Start with subtitles

By: Samuel Smith, Columnist

Subtitles, or closed captioning, are a great invention. Whether you’re hard of hearing, learned English as a second (or third) language, have sensory processing disorder, or you simply learn better reading, subtitles are amazing. Why aren’t they used more often?

Think about glasses, a fairly recent invention. Before glasses and contacts, many people struggled in day to day life. If you live with glasses, imagine living without them, and all the things you’d be unable to do. Nowadays though, the world is accommodated for people with glasses. Glasses have become fashionable, sometimes even a statement piece. But subtitles only become apparent when a student in the room is registered with Disability Support Services (DSS) and is considered in need of subtitles. While registering with DSS isn’t difficult, it still takes time.

Here’s an idea: use subtitles in class, automatically. Subtitles and closed captioning should be automatically used in every video a class is using. Not only will this assist students with disabilities, it will assist others too.

Imagine a world where subtitles are considered normal. Where movie theaters, schools, and offices use subtitles automatically. Imagine if all videos shown in class included subtitles. Imagine how great that would be for subtitles to be normalized.

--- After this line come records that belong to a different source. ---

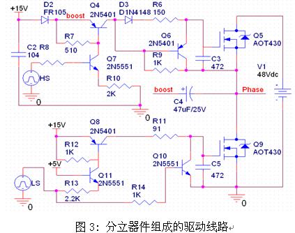 B.分立器件驅(qū)動電路用的器件較多,可靠性相對沒有半橋芯片的驅(qū)動電路高。但前提條件是半橋驅(qū)動芯片的驅(qū)動電路要設(shè)計(jì)合理。
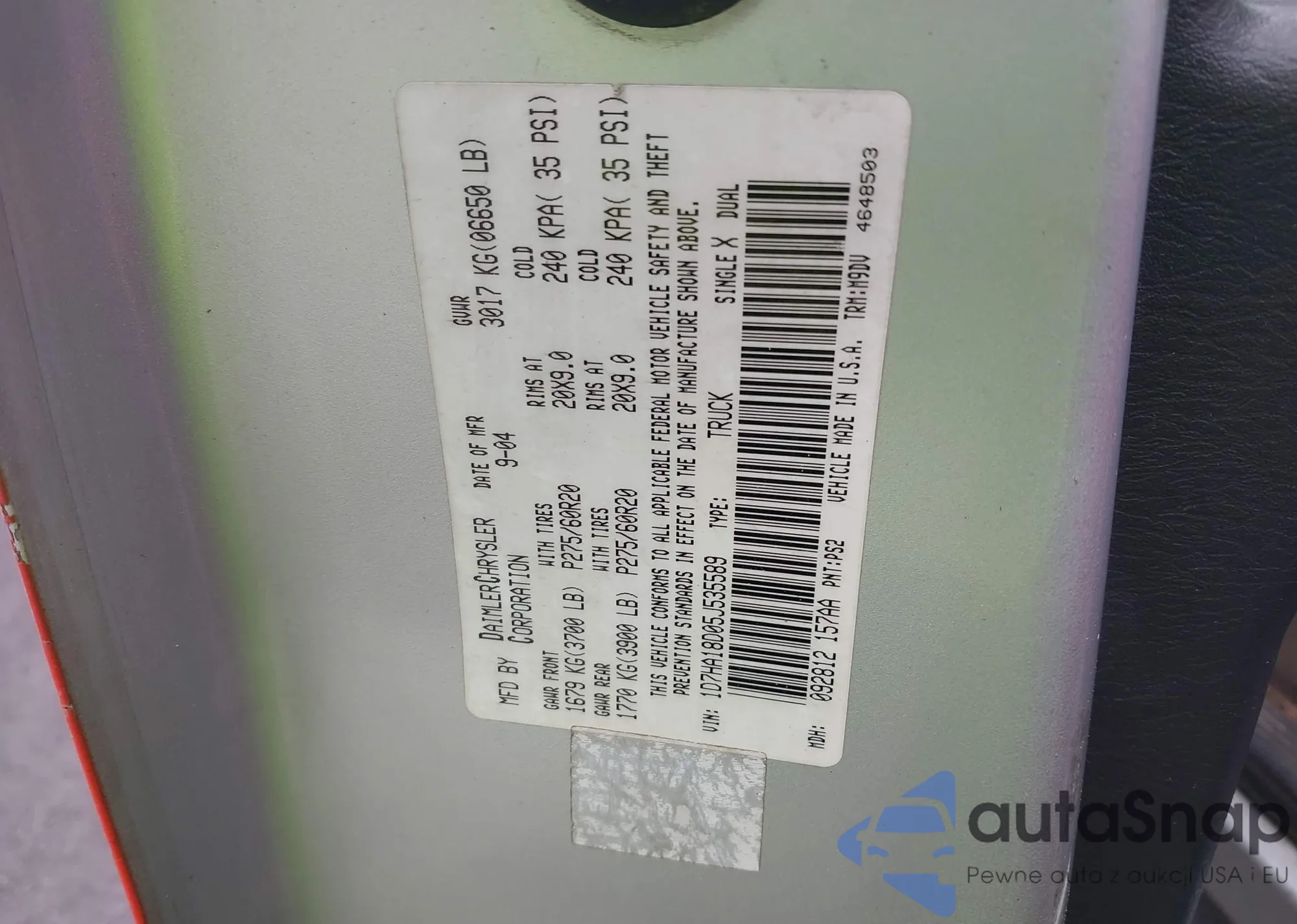 LOT: 43061903 VIN: 1D7HA18D05J535589
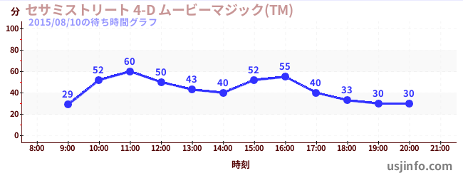 • セサミストリート 4-D ムービーマジック(TM)$B$N(B2015年08月10日の待ち時間

Now imagine this for every disability. Imagine there being ramps where there are stairs everywhere, spaces large enough to accommodate wheelchairs or medical devices, more access to celiac-friendly food, or spaces for neurodivergent people to decompress if overstimulated. Imagine how much better of a world it’d be. You may not notice a difference, but to those of us with disabilities, it makes all the difference in the world. But let’s start with something simple and easy to implement – subtitles.